MR: Toda a construção discursiva em torno das tradições e das identidades clubísticas é mesmo muito semelhante ao que acontece com as nações. Num primeiro plano, a gente pode falar dos símbolos dos clubes e das nações; não só os hinos, mas as bandeiras, os brasões e escudos, as cores… E, por trás disso, a mitificação do passado, a criação de uma continuidade no tempo e de uma solidariedade horizontal entre os membros de uma nação ou de uma torcida, a linguagem metafórica que transforma muitos em um. O canto do hino em uníssono pela torcida e os abraços fraternos entre estranhos na hora do gol materializam de maneira exemplar esse caráter de “comunidade imaginada” (expressão usada pelos teóricos para se referir à ideia da nação como uma construção cultural) das torcidas de futebol.

Mas, novamente aí, é necessário enxergar as diferenças. A nação surge como uma forma de dar legitimidade ao estado, pois é do povo que, na ideologia republicana, emana o poder dos governantes. No mundo do futebol, especialmente no Brasil, no entanto, as coisas não funcionam bem assim. Os clubes são governados por verdadeiras oligarquias, que se perpetuam no poder sem nenhum mecanismo de legitimação desse poder como uma representação da vontade dos torcedores. Nesse sentido, o simbolismo do futebol acaba pondo às claras uma característica atávica da sociedade brasileira, a despeito da fachada de estado democrático de direito que existe hoje.

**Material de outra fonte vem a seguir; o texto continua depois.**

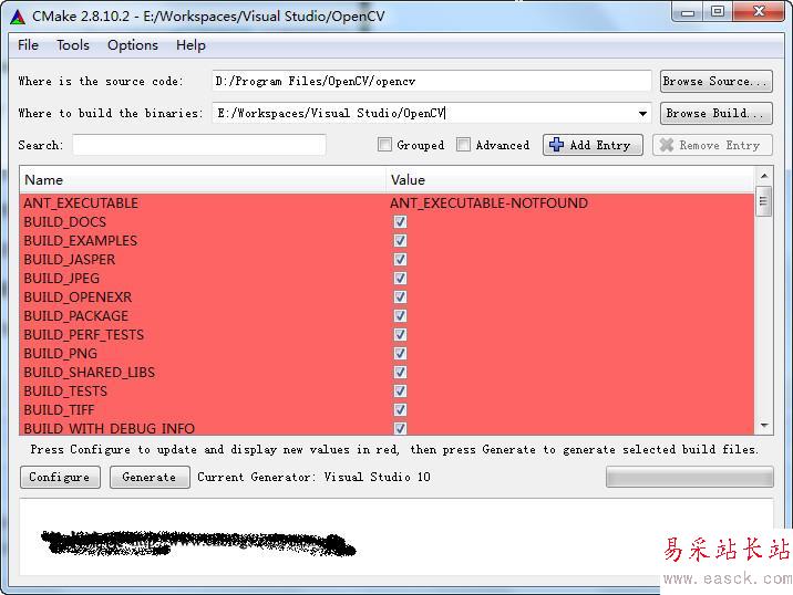 此過程用于將安裝OpenCV后得到的源碼編譯為相應版本的VS工程。詳細步驟如下。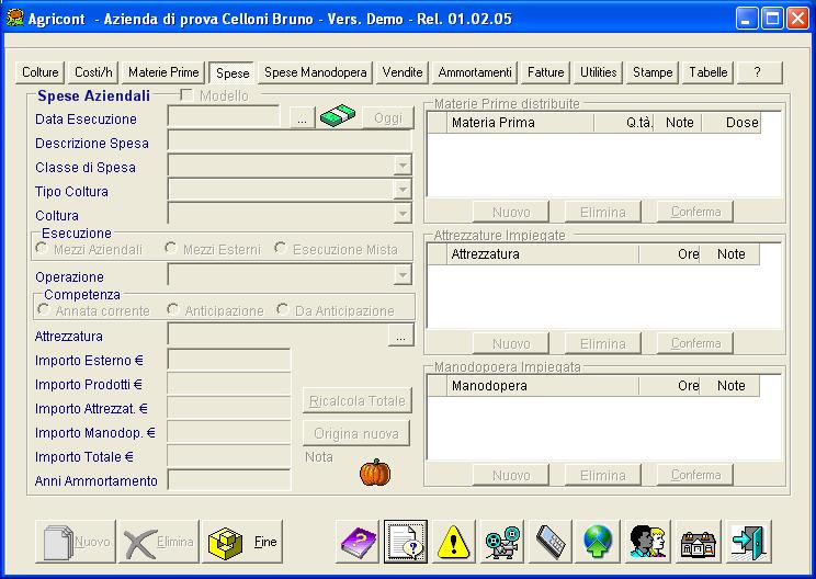Questa sezione permette di registrare tutte le spese aziendali, fatta eccezione per le spese relative alla manodopera. Le spese reigistrabili in questa Sezione sono:

De qualquer modo, a existência dessas pequenas nações, que são os clubes de futebol, é uma evidência das fronteiras internas, das diferenças e dos conflitos que atravessam a comunidade nacional. E também dessa necessidade que os seres humanos têm de se unir e se dividir, de construir identidades e jogar com alteridades; necessidade que estrutura a vida cultural como um todo. O outro que mais me interpela e me desafia é, muitas vezes, aquele que está mais próximo, como se vê na rivalidade com os argentinos, que viram piada em comerciais de TV, e nas várias rivalidades locais que dividem as grandes metrópoles brasileiras e se atualizam em acirrados duelos verbais nos estádios e fora deles.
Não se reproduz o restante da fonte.